Anyway, with catchy boot-stompers such as “Long Way to Love,” “In America,” “Girlschool,” “Kick ‘n’ Fight,” “Hold On,” “Rock Revolution,” and a rollicking version of Slade’s “Gudbuy T’ Jane,” Britny Fox delivered some often-engaging material. “Dizzy” Dean Davidson’s lead vocals seem a cross between Cinderella’s Tom Keifer and Nazareth’s Dan McCafferty, therefore it didn’t seem particularly odd that the music also comes off as a blending of these two bands, with perhaps extra inspiration from groups such as Kiss, Quiet Riot, W.A.S.P., Black ‘n’ Blue, Tesla, and several other acts from the era.

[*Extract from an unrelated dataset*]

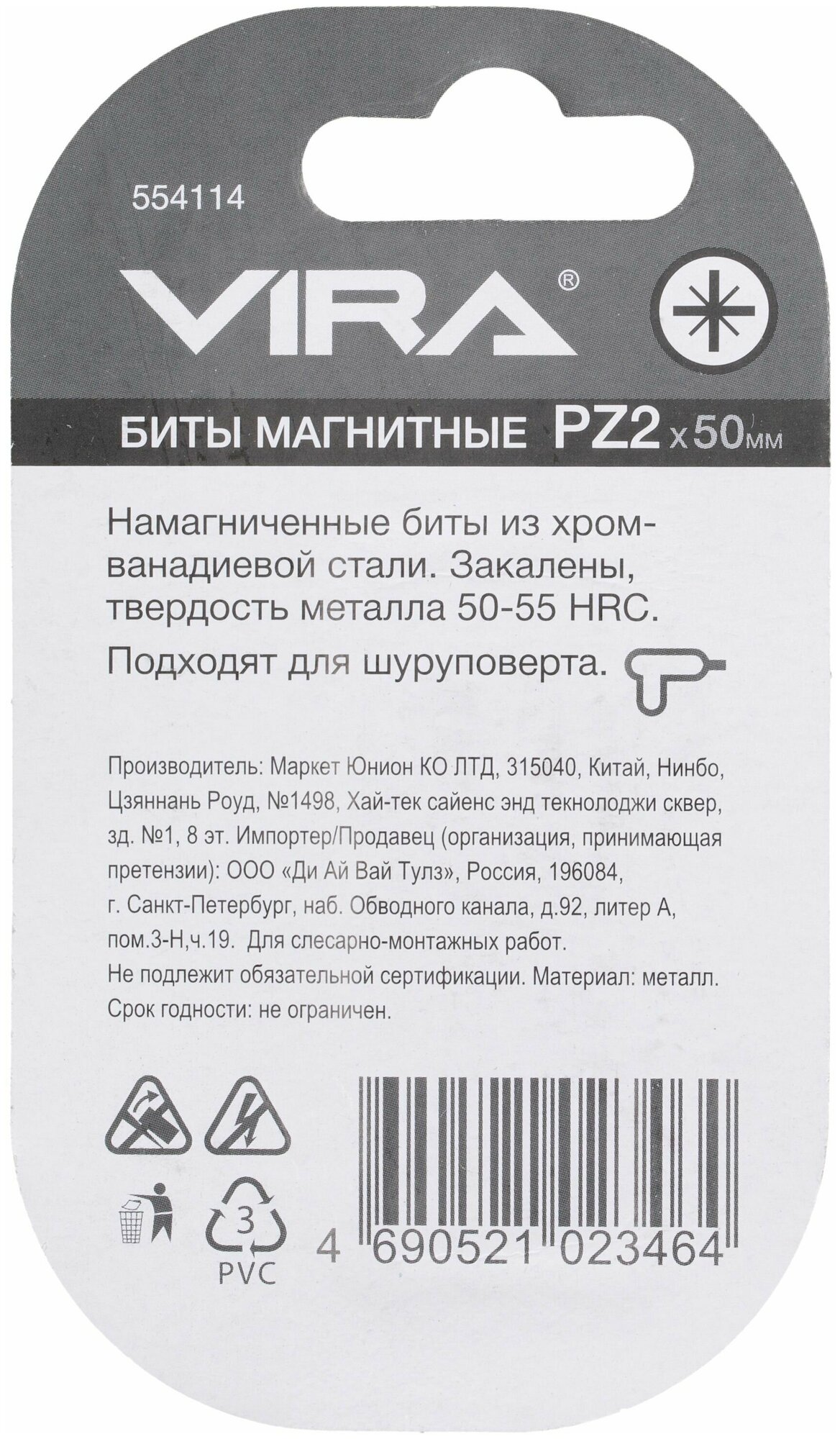 Magnetic bits PZ2, 50 mm, 2 pcs. 10 pieces.

Whatever the case, Britny Fox’s self-titled debut album proved especially addictive to fans of the “hair metal” genre during the fun yet silly, sleazy yet glittering, and mascara-lined and Aqua Net-infested ’80s, and truth be told, the music on this platter holds up rather well even all these decades later.

Get The Album Now!

Frijid Pink – Frijid Pink (1970)

FrijidPink_14 out of 5 Stars!

On the debut album from Frijid Pink, a long-forgotten band from Detroit, the “Motor City”/Michigan influence truly shows, especially when it comes to the blues-based Hard Rock style on display.

The band seemed to follow a similar starting template as other popular Hard Rock acts to arise from the same general area of the USA, including The Stooges, Alice Cooper, Grand Funk Railroad, and perhaps even MC5 (although definitely not quite as blisteringly loud or frantic as the latter). Nevertheless, tunes such as “Crying Shame,” “Tell Me Why,” “I Want To Be Your Lover,” “Drivin’ Blues,” “End of the Line,” and the catchy opener “God Gave Me You” are liberally sprinkled with shredding riffs, a fuzzy psychedelic guitar tone, frantic “Keith Moon-esque” drumming, and a rowdy and rebellious (almost proto-punk…or dare I say “proto-PINK”?) atmosphere. And one additional highlight of the album is the band’s cover of the classic “House of the Rising Sun,” which, to me, is far superior to the Animals’ version. Yes, this is “Garage Rock” at its sometimes-sloppy, occasionally rough, yet riotous finest.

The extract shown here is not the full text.